*** Opening of DATA SUPPLIED ***
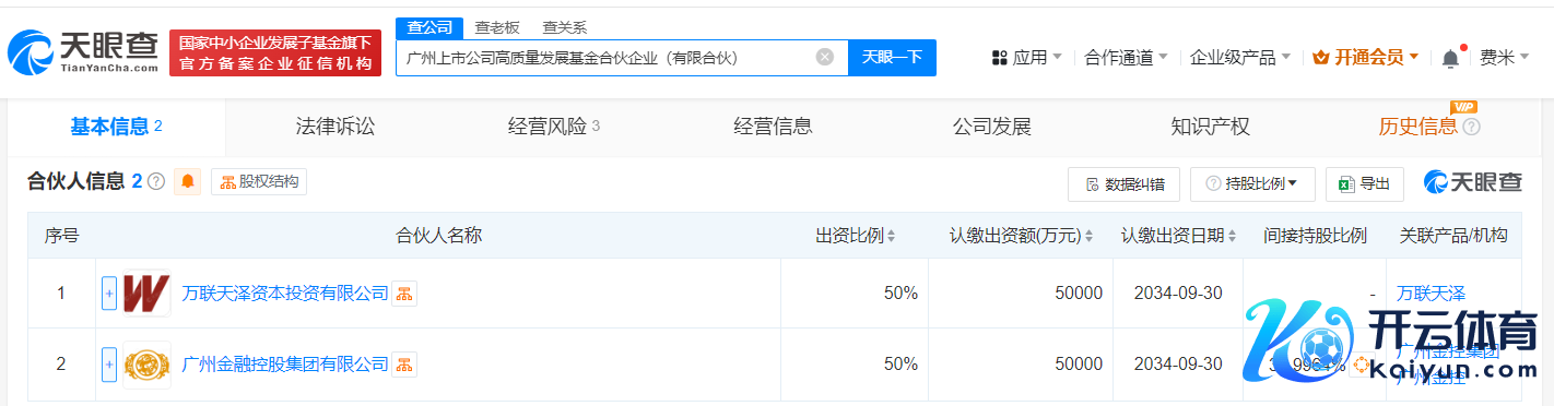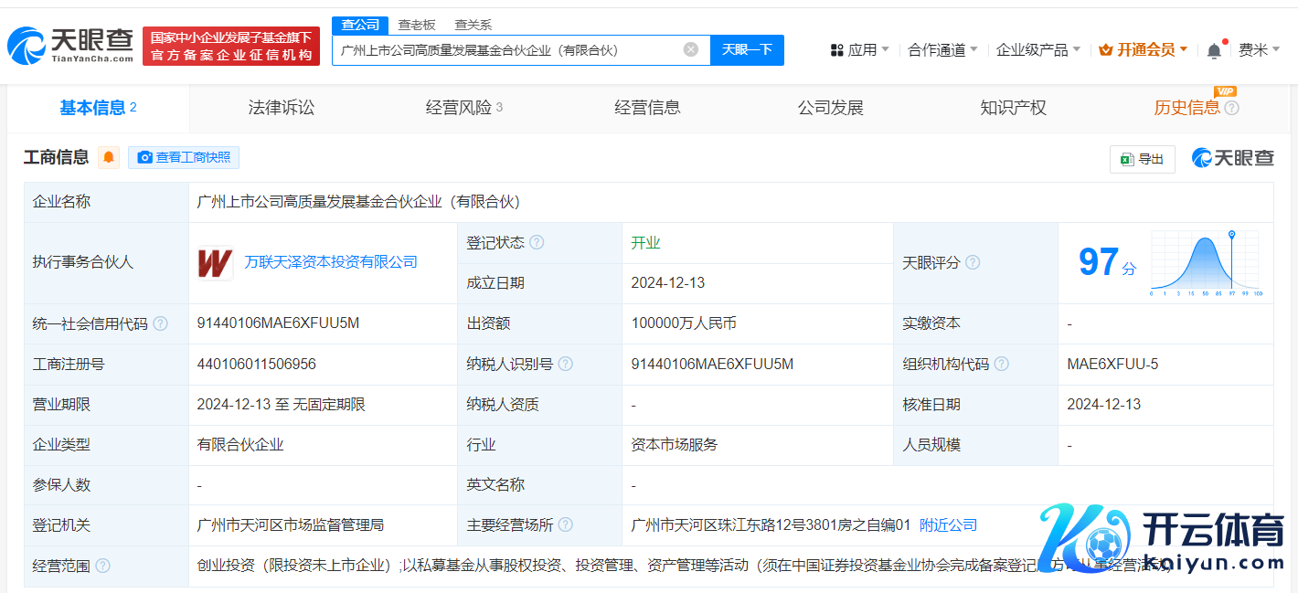 每经AI快讯凯时体育游戏app平台,天眼查App显露,近日,广州上市公司高质地发展基金联合企业(有限联合)成立,本质事务联合东说念主为万联天泽老本投资有限公司,出资额10亿元东说念主民币,盘算限制为创业投资,以私募基金从事股权投资、投资解决、金钱解决等活动,由万联天泽老本投资有限公司、广州金融控股集团有限公司共同出资。
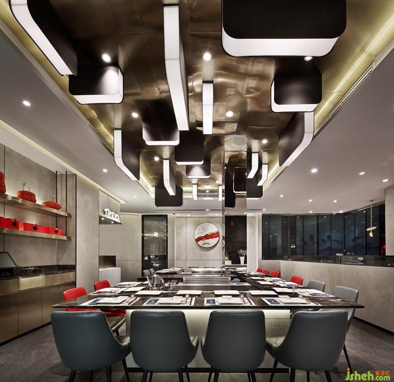 沁潤著淳古遺風(fēng)的紅,游刃有余地跳躍在沉穩(wěn)的黑白灰調(diào)中,使富有活力與現(xiàn)代感的東方氣質(zhì)氤氳開來。一抹流淌于山水掛畫中,勾畫絲綢之路“長河落日圓”的壯闊意境;一抹停駐于器物陳設(shè)上,熱情碰撞出千古韻長的典雅樂章......餐廳設(shè)計
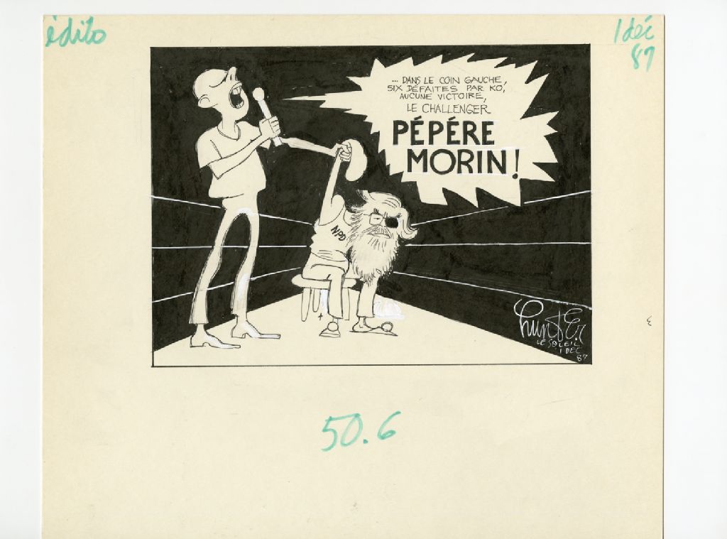 "... Dans le coin gauche, six défaites par KO, aucune victoire, le challenger Pépère Morin!"
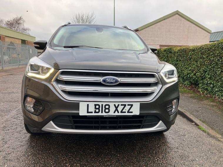 FULL SERVICE HISTORY TITANIUM HIGH SPEC MODEL 2018 Ford Kuga 1.5T EcoBoost Titanium SUV with just 54000 miles on the clock. This 5-door, 5-seater petrol vehicle comes with a manual transmission and is ULEZ compliant, making it an ideal choice for city driving. It also WILL HAVE NEW MOT, giving you peace of mind for years to come. The car is packed with features including a Ford DAB Navigation System with Ford SYNC3, SYNC3 with 8in Touchscreen DAB Audio System, and Audible Text Messaging with voice control and USB connectivity, ensuring a comfortable and connected driving experience. With its Euro 6 (s/s) engine producing 150 ps, this SUV is both powerful and efficient. Don't miss out on this top-quality, well-maintained vehicle. WARRANTY FREE AA BREAKDOWN COVER PLEASE PHONE BEFORE CALLING 01787902434
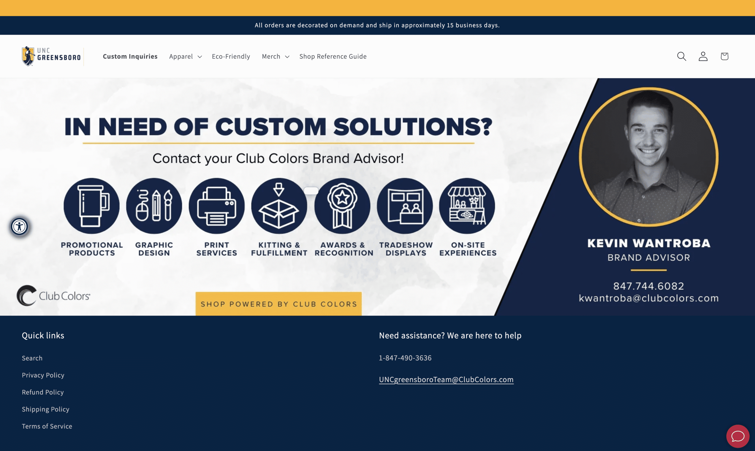 UNC Greensboro wanted to centralize and streamline its internal merchandise ordering process across all departments, ensuring brand consistency and compliance with institutional purchasing protocols. The university sought a Shopify solution that felt modern, required minimal training, and integrated seamlessly with internal workflows.
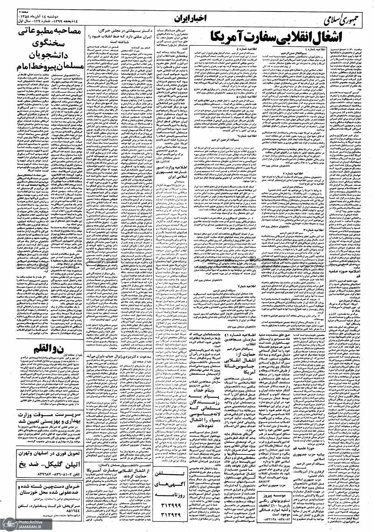 ملت ایران پس از تحمل سالیان دراز سلطه امپریالیستی آمریکا اکنون با واقعیت دیگری از همانسان روبهرو میشود و آن مسئله جاسوسی بر علیه، انقلاب ایران است. سفارت آمریکا در ایران طبق شواهد زیاد و ارتباطات مکشوفه لانه جاسوسی و توطئه بر علیه انقلاب ما بود و ملت مسلمان ما نمیپذیرفت که این روند کار ادامه یابد. بنابراین تصمیم به تعطیلی این کانون توطئه گرفت. اکنون عناصر سفارت آمریکا به دلیل جاسوسی، گروگان ملت ایرانند، و از آنها در کمال آسایش و امنیت مراقبت میشود، ملت ایران از شما ملت آمریکا میخواهد که به دولت خود فشار آورید تا شاه خائن و جنایتکار را که تاریخ همچون او کمتر دیده است، به ایران بازگرداند، تا در محکمه عدل اسلامی به جنایتهایش رسیدگی شود و نپذیرید که دولت آمریکا با نام شما دست به پلیدترین اقدامات غیرانسانی و جاسوسی بر علیه خلقهای محرومی که خواهان استقلال و آزادی خود هستند بزند.
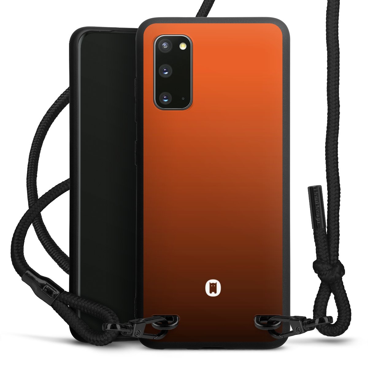 The matt black silicone case is made of flexible TPU (thermoplastic polyurethane) and offers robust protection. The durable, unbreakable material makes the cover flexible and dimensionally stable at the same time. The matte surface makes your design stand out more and is less susceptible to fingerprints and dirt. The stylish trend accessory fits comfortably in the hand and is perfectly complemented by the fabric (polyester) mobile phone strap. The braided fabric strap is approx. 1.70 metres long with a diameter of approx. 0.5 cm. Due to the special knotting technique, the length of the strap can be adjusted by simply pulling it, so that you can adapt it individually to your wishes. The practical case to wear around your neck is available with the fabric strap in black. As a little icing on the cake, we have provided the strap with a chic metal fastener in matt black. The strap is securely fastened to the case with loops made of high-quality genuine leather and press studs. The ends of the fabric strap are covered with metallic end caps and thus protected from fraying.
*** Close of DATA SUPPLIED ***
### ASSIGNMENT
Set down each entry above word for word, without its pictures.

### SOLUTION TO THE PROBLEM
 每经AI快讯凯时体育游戏app平台,天眼查App显露,近日,广州上市公司高质地发展基金联合企业(有限联合)成立,本质事务联合东说念主为万联天泽老本投资有限公司,出资额10亿元东说念主民币,盘算限制为创业投资,以私募基金从事股权投资、投资解决、金钱解决等活动,由万联天泽老本投资有限公司、广州金融控股集团有限公司共同出资。
 沁潤著淳古遺風(fēng)的紅,游刃有余地跳躍在沉穩(wěn)的黑白灰調(diào)中,使富有活力與現(xiàn)代感的東方氣質(zhì)氤氳開來。一抹流淌于山水掛畫中,勾畫絲綢之路“長河落日圓”的壯闊意境;一抹停駐于器物陳設(shè)上,熱情碰撞出千古韻長的典雅樂章......餐廳設(shè)計
 "... Dans le coin gauche, six défaites par KO, aucune victoire, le challenger Pépère Morin!"
 FULL SERVICE HISTORY TITANIUM HIGH SPEC MODEL 2018 Ford Kuga 1.5T EcoBoost Titanium SUV with just 54000 miles on the clock. This 5-door, 5-seater petrol vehicle comes with a manual transmission and is ULEZ compliant, making it an ideal choice for city driving. It also WILL HAVE NEW MOT, giving you peace of mind for years to come. The car is packed with features including a Ford DAB Navigation System with Ford SYNC3, SYNC3 with 8in Touchscreen DAB Audio System, and Audible Text Messaging with voice control and USB connectivity, ensuring a comfortable and connected driving experience. With its Euro 6 (s/s) engine producing 150 ps, this SUV is both powerful and efficient. Don't miss out on this top-quality, well-maintained vehicle. WARRANTY FREE AA BREAKDOWN COVER PLEASE PHONE BEFORE CALLING 01787902434
 UNC Greensboro wanted to centralize and streamline its internal merchandise ordering process across all departments, ensuring brand consistency and compliance with institutional purchasing protocols. The university sought a Shopify solution that felt modern, required minimal training, and integrated seamlessly with internal workflows.
 ملت ایران پس از تحمل سالیان دراز سلطه امپریالیستی آمریکا اکنون با واقعیت دیگری از همانسان روبهرو میشود و آن مسئله جاسوسی بر علیه، انقلاب ایران است. سفارت آمریکا در ایران طبق شواهد زیاد و ارتباطات مکشوفه لانه جاسوسی و توطئه بر علیه انقلاب ما بود و ملت مسلمان ما نمیپذیرفت که این روند کار ادامه یابد. بنابراین تصمیم به تعطیلی این کانون توطئه گرفت. اکنون عناصر سفارت آمریکا به دلیل جاسوسی، گروگان ملت ایرانند، و از آنها در کمال آسایش و امنیت مراقبت میشود، ملت ایران از شما ملت آمریکا میخواهد که به دولت خود فشار آورید تا شاه خائن و جنایتکار را که تاریخ همچون او کمتر دیده است، به ایران بازگرداند، تا در محکمه عدل اسلامی به جنایتهایش رسیدگی شود و نپذیرید که دولت آمریکا با نام شما دست به پلیدترین اقدامات غیرانسانی و جاسوسی بر علیه خلقهای محرومی که خواهان استقلال و آزادی خود هستند بزند.
 The matt black silicone case is made of flexible TPU (thermoplastic polyurethane) and offers robust protection. The durable, unbreakable material makes the cover flexible and dimensionally stable at the same time. The matte surface makes your design stand out more and is less susceptible to fingerprints and dirt. The stylish trend accessory fits comfortably in the hand and is perfectly complemented by the fabric (polyester) mobile phone strap. The braided fabric strap is approx. 1.70 metres long with a diameter of approx. 0.5 cm. Due to the special knotting technique, the length of the strap can be adjusted by simply pulling it, so that you can adapt it individually to your wishes. The practical case to wear around your neck is available with the fabric strap in black. As a little icing on the cake, we have provided the strap with a chic metal fastener in matt black. The strap is securely fastened to the case with loops made of high-quality genuine leather and press studs. The ends of the fabric strap are covered with metallic end caps and thus protected from fraying.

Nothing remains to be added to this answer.